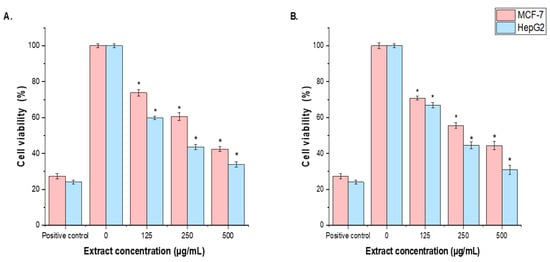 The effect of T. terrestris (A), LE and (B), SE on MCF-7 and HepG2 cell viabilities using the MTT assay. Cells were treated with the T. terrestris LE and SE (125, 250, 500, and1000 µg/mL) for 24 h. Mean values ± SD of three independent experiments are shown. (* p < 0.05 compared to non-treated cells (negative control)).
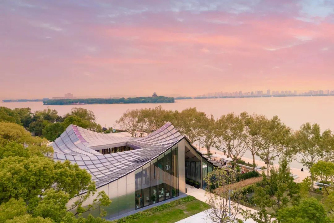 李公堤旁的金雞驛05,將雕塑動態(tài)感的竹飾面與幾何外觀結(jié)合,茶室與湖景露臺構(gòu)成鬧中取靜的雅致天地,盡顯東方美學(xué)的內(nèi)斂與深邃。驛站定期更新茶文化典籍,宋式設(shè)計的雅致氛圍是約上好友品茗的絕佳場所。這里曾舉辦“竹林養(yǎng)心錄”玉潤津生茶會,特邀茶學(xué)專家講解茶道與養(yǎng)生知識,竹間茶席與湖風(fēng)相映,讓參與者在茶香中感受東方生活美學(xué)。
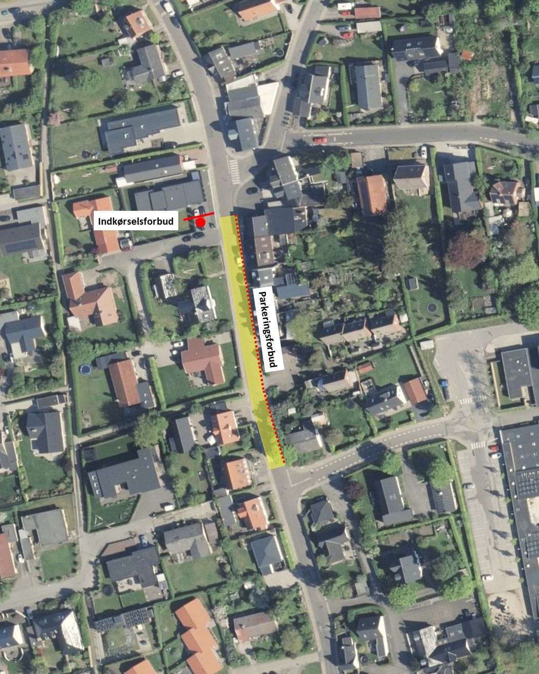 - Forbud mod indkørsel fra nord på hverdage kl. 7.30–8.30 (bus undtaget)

..............................

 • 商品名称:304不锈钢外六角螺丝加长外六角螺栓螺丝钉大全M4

..............................

What needs to be done — Your copy should hold the lines from the one with "李公堤旁的金雞驛05,將雕塑" up to and including the one with "- Forbud mod", exactly as in the data above, and no pictures.

Problem solution —
 李公堤旁的金雞驛05,將雕塑動態(tài)感的竹飾面與幾何外觀結(jié)合,茶室與湖景露臺構(gòu)成鬧中取靜的雅致天地,盡顯東方美學(xué)的內(nèi)斂與深邃。驛站定期更新茶文化典籍,宋式設(shè)計的雅致氛圍是約上好友品茗的絕佳場所。這里曾舉辦“竹林養(yǎng)心錄”玉潤津生茶會,特邀茶學(xué)專家講解茶道與養(yǎng)生知識,竹間茶席與湖風(fēng)相映,讓參與者在茶香中感受東方生活美學(xué)。
 - Forbud mod indkørsel fra nord på hverdage kl. 7.30–8.30 (bus undtaget)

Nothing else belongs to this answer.